Парень вдруг почувствовал во рту металлический привкус. За миг до того, как на крышу лифта посыпались осколки бетона, он дернул Деда за руку и прошептал прямо в ухо:
– Он!
– Кто? – не понял Серов.
– Тот, кто шел по нашему следу.
Преследователь шумно втянул воздух и бухнулся на крышу, завозился наверху. Заскрежетали когти: судя по звуку, крупная тварь пыталась прорваться в кабину лифта. Женька поежился, ощущать себя добычей было неприятно. Он собрался было открыть крышку и вжарить твари между глаз, благо, верный «калаш» был под рукой, но зверь неожиданно затих, затаился.
– Чего это он? Он же чует, что мы здесь, – удивленно прошептал парень.
– Сам, видимо, испугался кого-то. Сука. Тоже решил спрятаться. Дневные твари страшнее ночных, помнишь? Выходит, на нас охотился ночной зверь.
– Почему – охотился? – ухмыльнулся Женька. – Он и сейчас охотится. Только тихо!
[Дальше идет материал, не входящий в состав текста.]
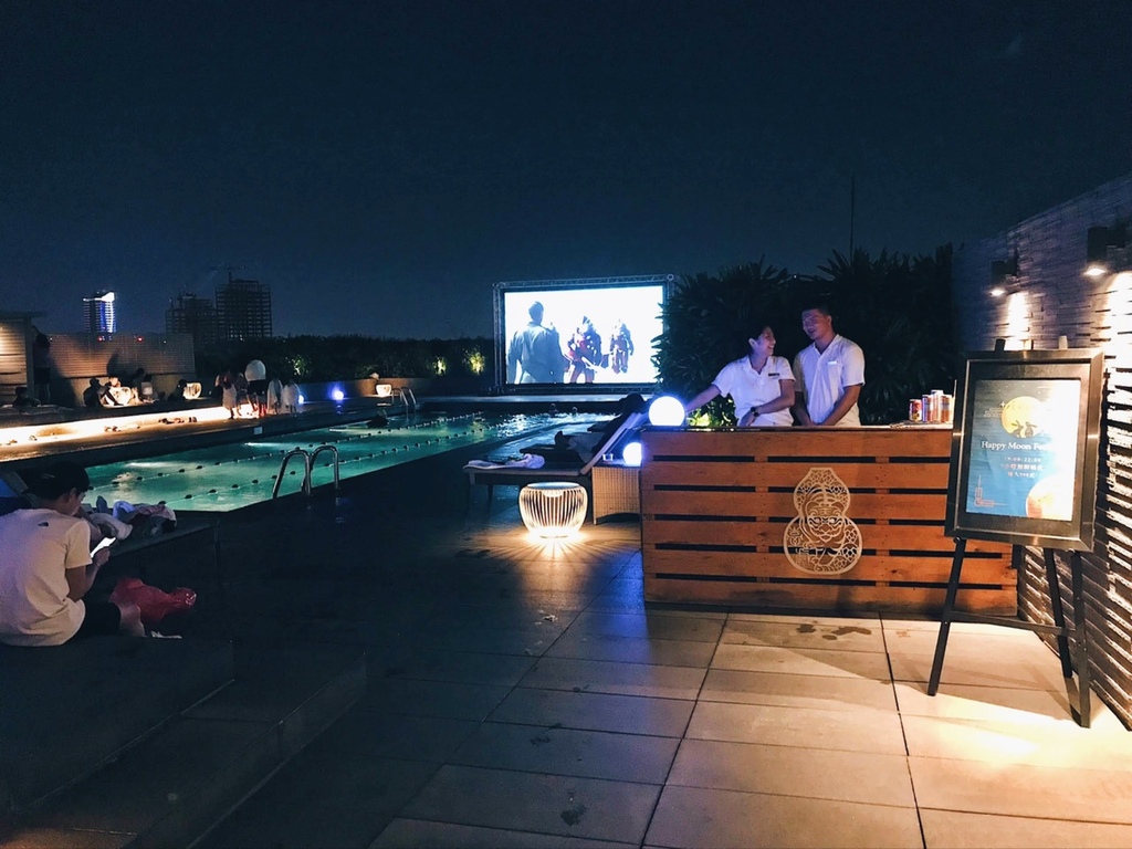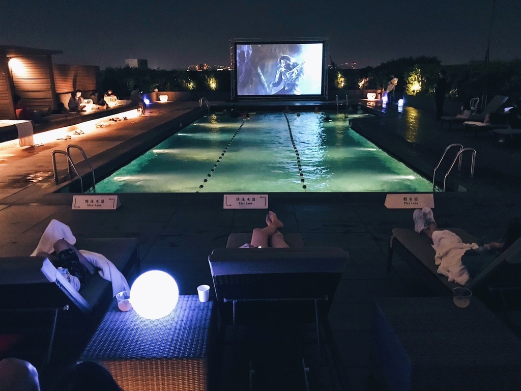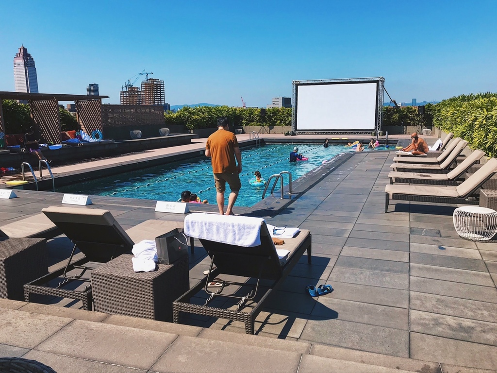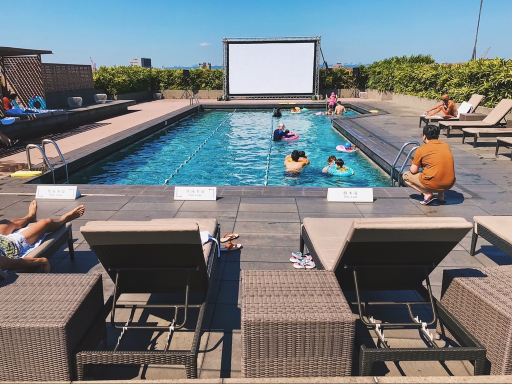 使用完健身房後我們繼續搭電梯到21樓去頂樓的溫水游泳池,因為周末晚上會有星空電影院,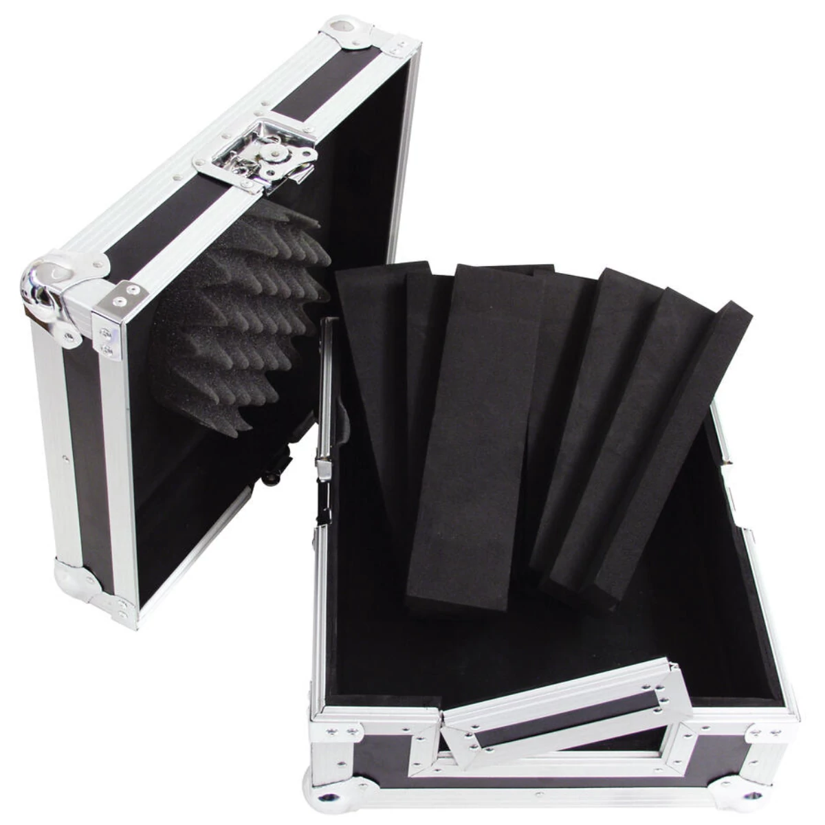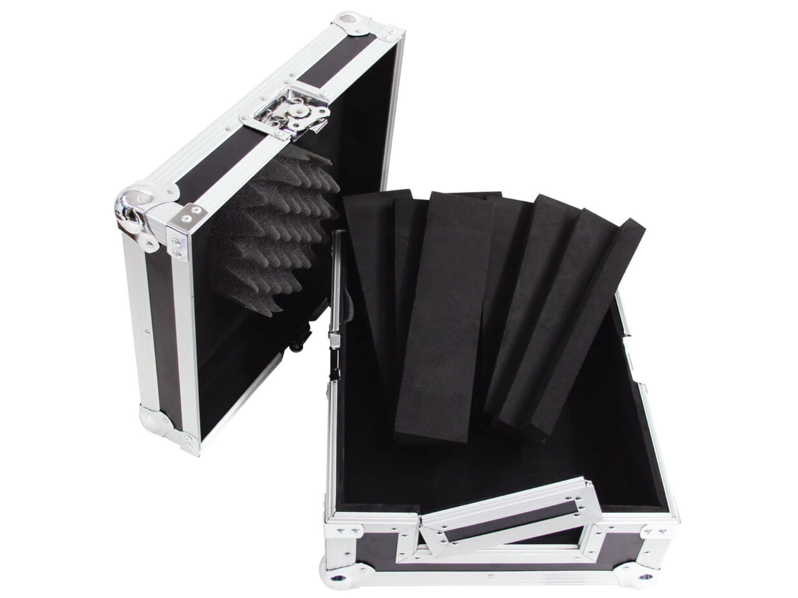 DJ flightcase for tabletop DJ CD playersThe ROADINGER CD player carrying case is especially suitable for DJs who want their tabletop CD player always safely stored. The carrying case has a removable lid and a removable front panel for CD players with front slot.The foam padded interior, the aluminium profile frame with rounded corners and the three-legged, medium-sized steel ball corners provide the necessary stability. In addition, the flight case is equipped with two high-quality butterfly locks and padded handles.The optional adapter strips for fitting CD players are included in the package.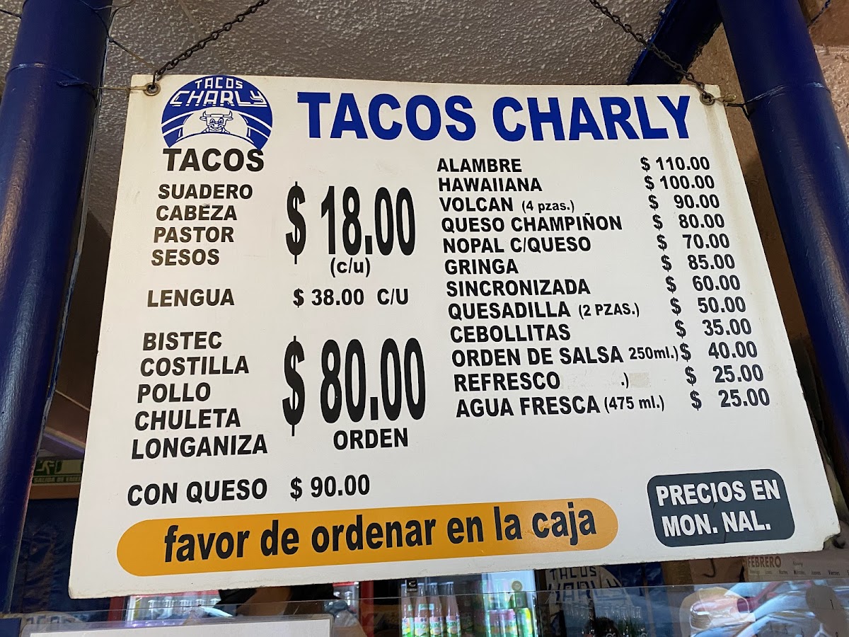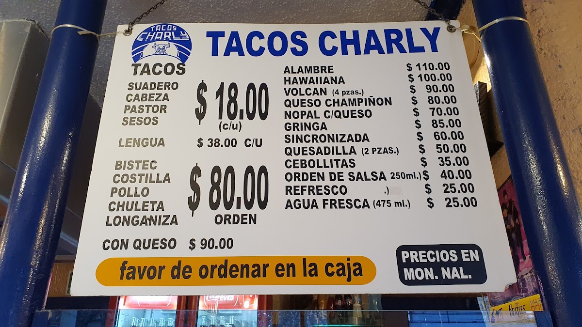 Welcome to Tacos Charly, a hidden gem nestled in Tlalpan, Mexico City, where authentic Mexican street food shines. This taqueria captivates with its vibrant aromas and scrumptious offerings, specializing in tacos de guisados featuring favorites such as carnitas, lengua entomatada, and chorizo con papas, all priced at a mere MX$18.00. For those craving a little more indulgence, try their lengua tacos at MX$30.00.

Несколько часов они в полузабытьи прижимались друг к другу, чтобы согреться, не решаясь заснуть, прислушивались к дыханию зверя на крыше. Сначала договорились дежурить по очереди, и Женьке первому выпало сторожить тварь, но Серов все равно не смог заснуть. Так и дремали оба вполглаза. Как чувствовать себя в безопасности, если прямо над тобой на ветхой крыше притаился хищный и явно голодный незнамо кто?
Ближе к полудню стало теплее. Новый, явно огромный зверюга вынюхал двойную добычу и принялся звучно биться мордой о будку. Эта тварь была столь крупной, что не могла выковырять жертву из лифтовой шахты: проем одной створки не позволял, а вторая застряла намертво. Железобетонная будка двадцать лет назад выдержала ударную волну ядерного взрыва, устояла она и сейчас. Надолго ли?
Тварь, игравшая теперь роль добычи, скулила и отчаянно скребла люк, словно просясь вниз, к людям. Жалобные вопли сменялись радостными в те моменты, когда ночной хищник осознавал бессилие дневного.
Однако зверюга снаружи начинала бить сильнее, и в уши снова врезался трусливый визг. Под вечер наступила развязка. Одуревший от акустической атаки Женька вздрогнул от страшно похожего на человеческий крика.
По крыше кабины последний раз заскрежетали чудовищные когти – и наступила тишина.
Тук-тук-тук…
По крыше часто застучали капли: видимо, дневной исхитрился ухватить ночного и теперь по частям выковыривал из убежища еще живое, но уже молчаливое существо.
Женька включил фонарь, осветив двери лифта. Темная кровь погибшей твари медленно стекала по поверхности стен и просачивалась в щель пола.
– Вот дрянь, изобретательная, – выругался Максимыч.
До заката они молчали, боясь привлечь внимание хитрого хищника.
Глава 3
Индиго и шелковая попка
Следующая ночь до смешного походила на прошедшую. Опасливо переступив через засохшую кровь зверя, которому не повезло, Дед и Женя осмотрелись и не обнаружили ничего подозрительного, что говорило разве что об их невнимательности. Как только они сделали шаг вперед, их окружили фигуры, затянутые в видавшие виды плащи.
– Стоять! Кто такие? Документы!
Парень не испугался. Он молча рассматривал сталкеров, пытаясь представить их в виде цветных волн, но с людьми новое зрение не работало. Цвет был у всех одинаковый – нейтрально-серый.